Processed image - Binary image after processing as in steps 1, 2, 3

6 – Fill in any holes in the nuclei.
Proess -> Binary -> Fill Holes
The next step will not work properly unless your nuclei are without any holes. A few of mine had areas which were below the threshold and so were not counted as part of the “object”, i.e. the nucleus. We can easily get rid of these holes by performing a binary operation to fill the holes in.

Binary Image - morphological processed to fill holes

6 – Separate “Touching” nuclei.
Proess -> Binary -> Watershed
Here is where things get interesting. Your image should contain segmented nuclei. There may be small ones and large ones (some of the small ones may not be nuclei). One common challenge is that the nuclei are touching. How can we separate them? Use the “watershed” algorithm.This method finds the centre of each object (using a morphological erode operation), then calculates a distance map from the object centre points to the edges of the objects, then fills that “topological map” with imaginary water. Where 2 “Watersheds” meet, it builds a dam to separate them! One could do all these steps manually, but the watershed function automates that for you, which is nice. Your nuclei should now be separated by lines that are one pixel wide.

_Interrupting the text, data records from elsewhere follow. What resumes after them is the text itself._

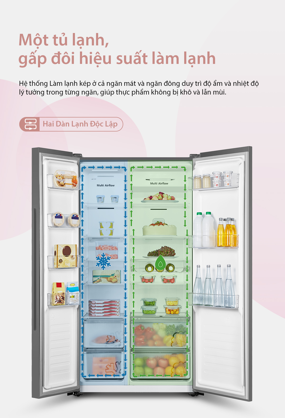 - Hai Dàn Lạnh Độc Lập: Hệ thống Làm lạnh kép ở cả ngăn mát và ngăn đông duy trì độ ẩm và nhiệt độ lý tưởng trong từng ngăn, giúp thực phẩm không bị khô và lẫn mùi.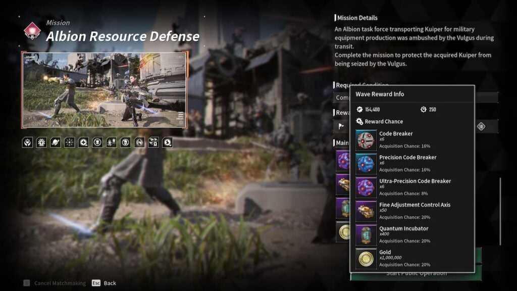 进行每日入侵后,下一个最佳黄金农场是困难难度特别行动。您可以通过阿尔比恩中心区域的航站楼访问特别行动。有两种轮换的特殊行动——你想玩哪个就玩哪个,但是阿尔比恩资源防御任务通常更快更容易完成。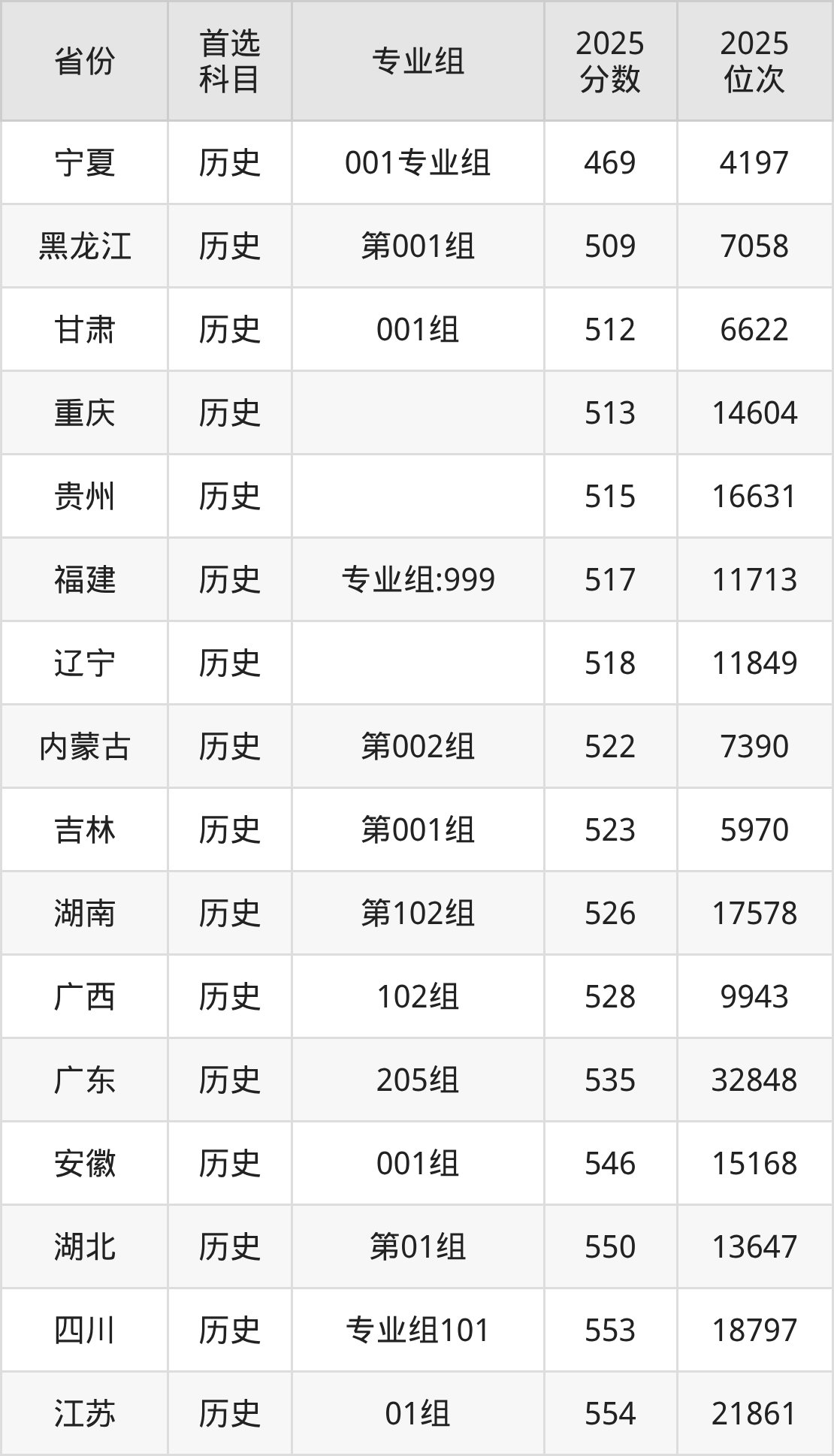 历史类最低分对应地区为宁夏(001专业组),录取位次为4197,超本科B65分;最高分对应地区为河北,录取位次为17998,超本科线84分。

Binary Image after applying the watershed algorithm to separate touching objects

7- Now perform the analysis. Here’s where we actually count the nuclei,
Analyze -> Analyze Particles…
In this dialogue box we start to include and exclude our nuclei or features based on their attributes. For example if we set the “Size” to be larger than 1 square pixel (or microns if you’re using a calibrated image), then no particles that are less than 1 square pixel will be counted in the particle analysis. As we’re interested in nuclei, set this parameter to discard the junk particles that are small. Similarly, as nuclei are quite round, we can filter the results to only include those particles which are nearly round (calculated as 4∏*area/perimeter^2 – a perfect circle = 1). To get an idea of what size and how circular the nuclei in your image are, perform the analysis a couple of times and look at the results table. It will show you the measurements you set in step 4. Also – the first column in the results table is the metric that you want, i.e. the number of each particle and the total number of particles in your analysis.

Final image now with nuclei highlighted and counted.

It may not work the first time, but as you change the parameters of each step in this image processing workflow you can tweak the parameters in each step to optimise the results for your particular problem.